TASK DESCRIPTION: Go to the line holding "在企业专业人员的带领下,带队" in the data below and repeat it exactly, then each line after it up to and including the one holding "Bald schon waren". Omit pictures.

SOURCE RECORDS:
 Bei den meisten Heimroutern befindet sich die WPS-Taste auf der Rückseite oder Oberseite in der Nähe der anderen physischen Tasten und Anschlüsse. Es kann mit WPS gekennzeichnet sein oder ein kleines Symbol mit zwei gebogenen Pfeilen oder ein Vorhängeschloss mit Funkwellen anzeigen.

* * *

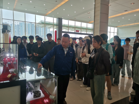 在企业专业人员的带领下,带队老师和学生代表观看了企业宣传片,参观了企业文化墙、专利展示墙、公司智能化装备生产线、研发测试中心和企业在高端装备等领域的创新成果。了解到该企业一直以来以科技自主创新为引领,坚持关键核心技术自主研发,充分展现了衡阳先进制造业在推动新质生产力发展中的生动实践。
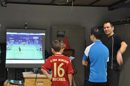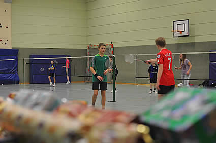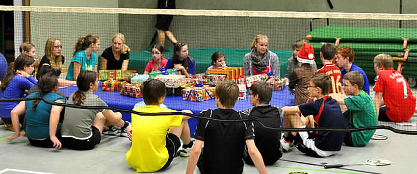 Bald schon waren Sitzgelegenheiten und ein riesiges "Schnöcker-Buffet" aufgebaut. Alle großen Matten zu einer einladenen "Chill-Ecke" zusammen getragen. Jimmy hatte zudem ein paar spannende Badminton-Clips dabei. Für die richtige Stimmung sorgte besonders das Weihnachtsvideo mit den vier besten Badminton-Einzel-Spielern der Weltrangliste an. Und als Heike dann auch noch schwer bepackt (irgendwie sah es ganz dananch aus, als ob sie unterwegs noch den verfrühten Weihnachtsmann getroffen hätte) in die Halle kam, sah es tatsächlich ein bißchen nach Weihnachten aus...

ANSWER SPACE:
 在企业专业人员的带领下,带队老师和学生代表观看了企业宣传片,参观了企业文化墙、专利展示墙、公司智能化装备生产线、研发测试中心和企业在高端装备等领域的创新成果。了解到该企业一直以来以科技自主创新为引领,坚持关键核心技术自主研发,充分展现了衡阳先进制造业在推动新质生产力发展中的生动实践。
 Bald schon waren Sitzgelegenheiten und ein riesiges "Schnöcker-Buffet" aufgebaut. Alle großen Matten zu einer einladenen "Chill-Ecke" zusammen getragen. Jimmy hatte zudem ein paar spannende Badminton-Clips dabei. Für die richtige Stimmung sorgte besonders das Weihnachtsvideo mit den vier besten Badminton-Einzel-Spielern der Weltrangliste an. Und als Heike dann auch noch schwer bepackt (irgendwie sah es ganz dananch aus, als ob sie unterwegs noch den verfrühten Weihnachtsmann getroffen hätte) in die Halle kam, sah es tatsächlich ein bißchen nach Weihnachten aus...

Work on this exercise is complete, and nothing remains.